Decided to start testing the new development process by integrating the 
existing IPv6 patchsets to David's Git tree.

Discussed compile-time enablement/disablement of features (#ifdef'd segments in 
code):
- usage of #ifdefs is necessary to avoid bloat, which hurts OpenVPN's usage 
especially in embedded systems
- heavy use of #ifdef's can make the code hard to understand
- use of #ifdef's can cause problems when a feature requires extra arguments to 
function, which leads to more code to maintain

Agreed that code near the core itself should be #ifdef'd sparingly, whereas 
code at the periphery (e.g. new features) should be #ifdef'd. 

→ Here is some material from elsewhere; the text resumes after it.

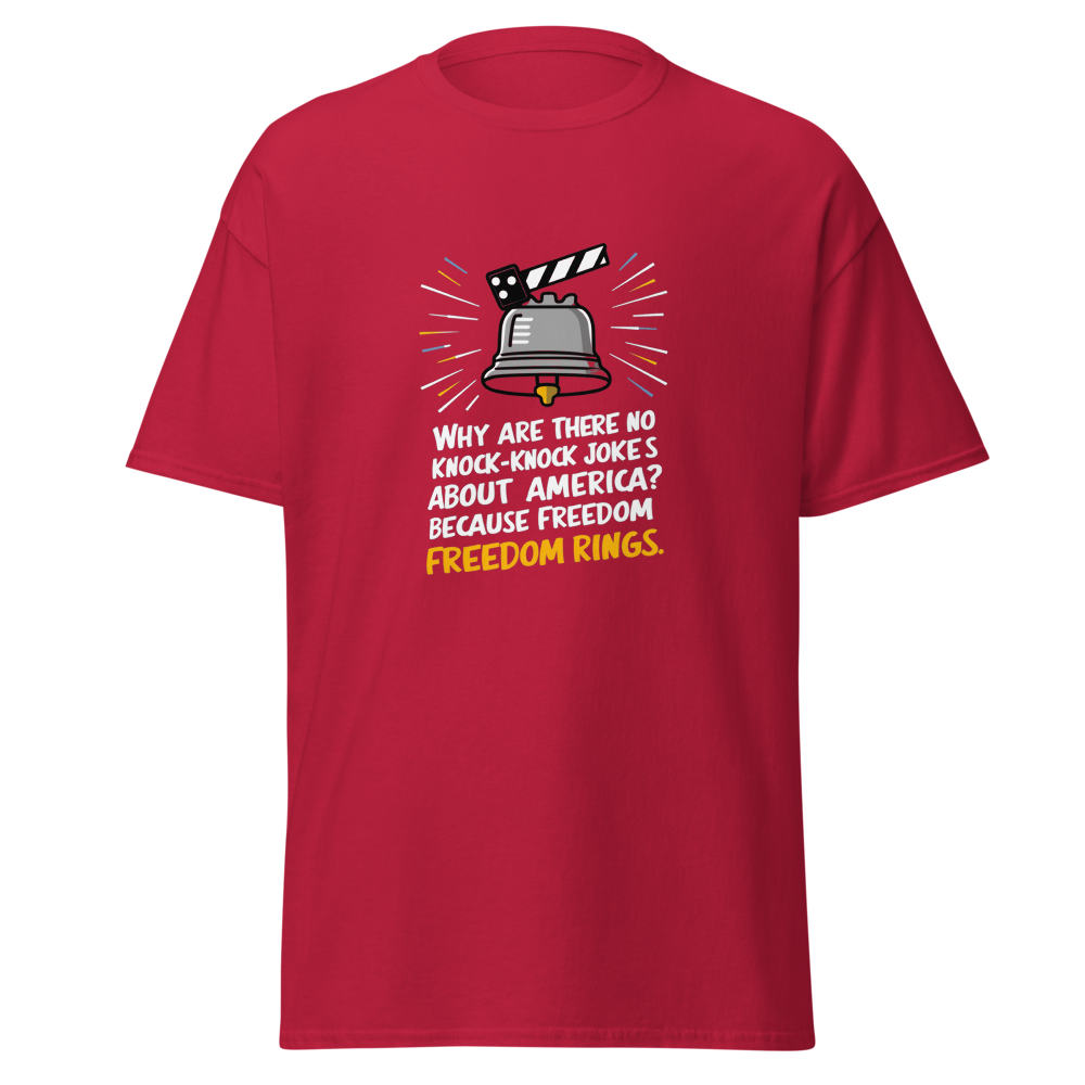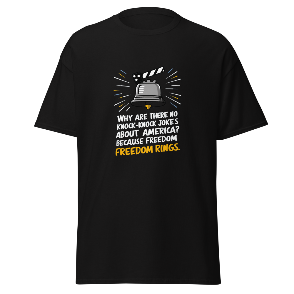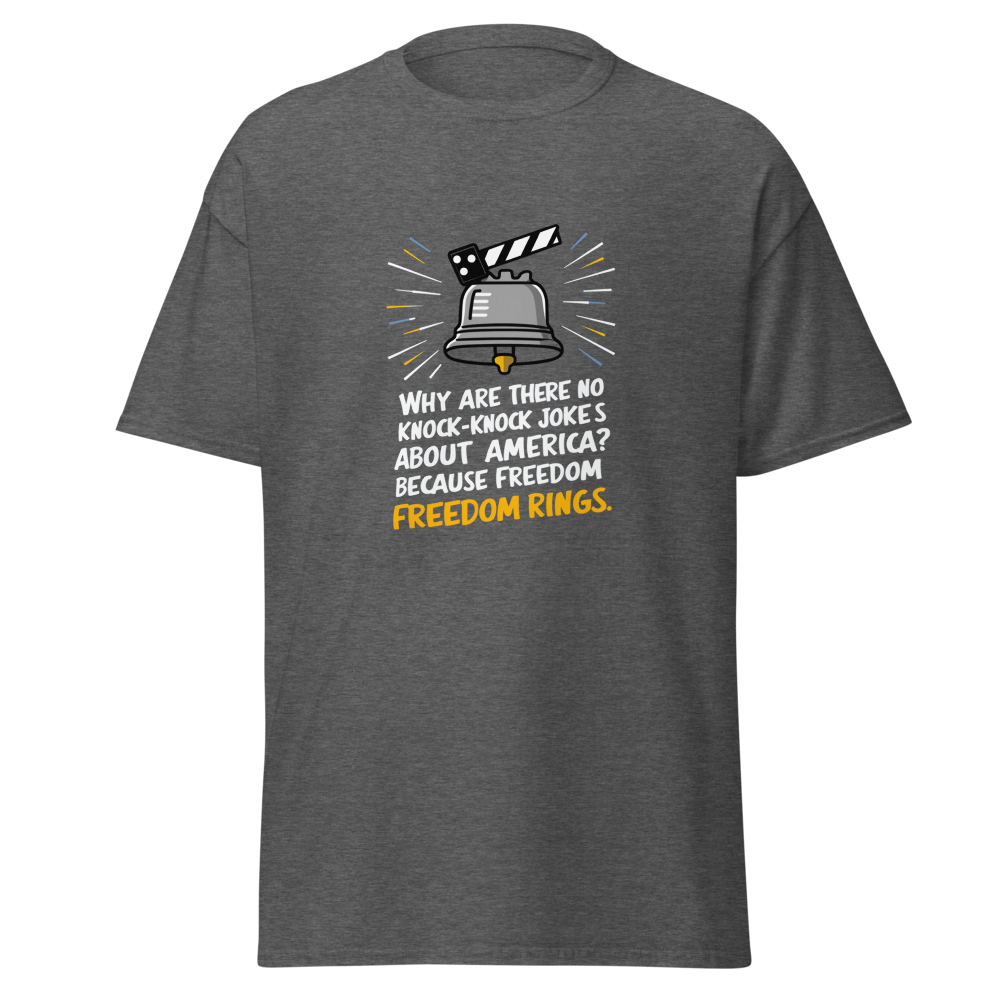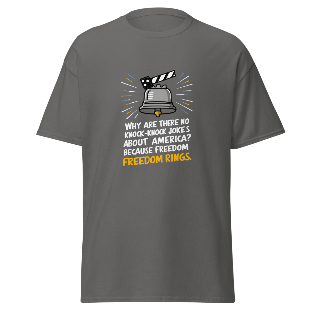 This fun t-shirt features a cartoon Liberty Bell holding a clapperboard with camera lights shining down. Perfect for movie buffs who love a good joke and a nod to American freedom.This t-shirt is everything you’ve dreamed of and more. It feels soft and lightweight, with the right amount of stretch. It’s comfortable and flattering for all. 100% combed and ring-spun cotton (Heather colors contain polyester) Fabric weight: 4.2 oz./yd.² (142 g/m²) Pre-shrunk fabric Side-seamed construction Shoulder-to-shoulder taping

Agreed that the basic development process should go like this:
 - At least 2 developers have to accept each patch (ACK) before it gets to 
testing tree(s) to weed out obviously bad stuff
 - After initial testing the somewhat stable patchces are merged to the s.c. 
"stable" SVN tree maintained by James
 - Each release goes through a "feature freeze" where no new functionality is 
added so most bugs can be weeded out 

Agreed that there is a need to organize the people doing testing because the 
absense of bug reports (in, say 2 weeks) does not prove that a piece of new 
code does not have serious problems. In a nutshell, lack of bug reports tells 
us that
 a) there are no problems with the (new) code
 b) nobody is using the (piece of the) code which has the problem

Agreed that there should be active testers who inform the developers if new 
code works for them - not just report problems if they encounter them. This 
helps detecting b), above.

Agreed that developer versions of the application should visibly display them 
as such, e.g. by printing "This is a devel branch, report your bugs [here] or 
we'll hunt you down" to STDERR.

---

Discussed forums/mailinglist and packaging topics after the hard-core developer 
portion was over...

Decided that Samuli will take a look at available OSS forum applications before 
next meeting. Eric will take a look at commercial alternatives.

Decided to use Debian Experimental repository to redistribute OpenVPN packages 
built from David's "testing" tree (allmerged?) to Debian users. Alberto 
volunteered to do the building and uploading to the Debian experimental (~ once 
per week).

Discussed the need for building "testing" packages each day and distributing 
them using our own (Debian/Fedora/whatever) repositories. The official Debian 
repositories require manual work, so fully automated system is not possible 
without a custom apt repo.

Eric volunteered to provide FreeBSD binaries (from "testing"?) on a weekly 
basis.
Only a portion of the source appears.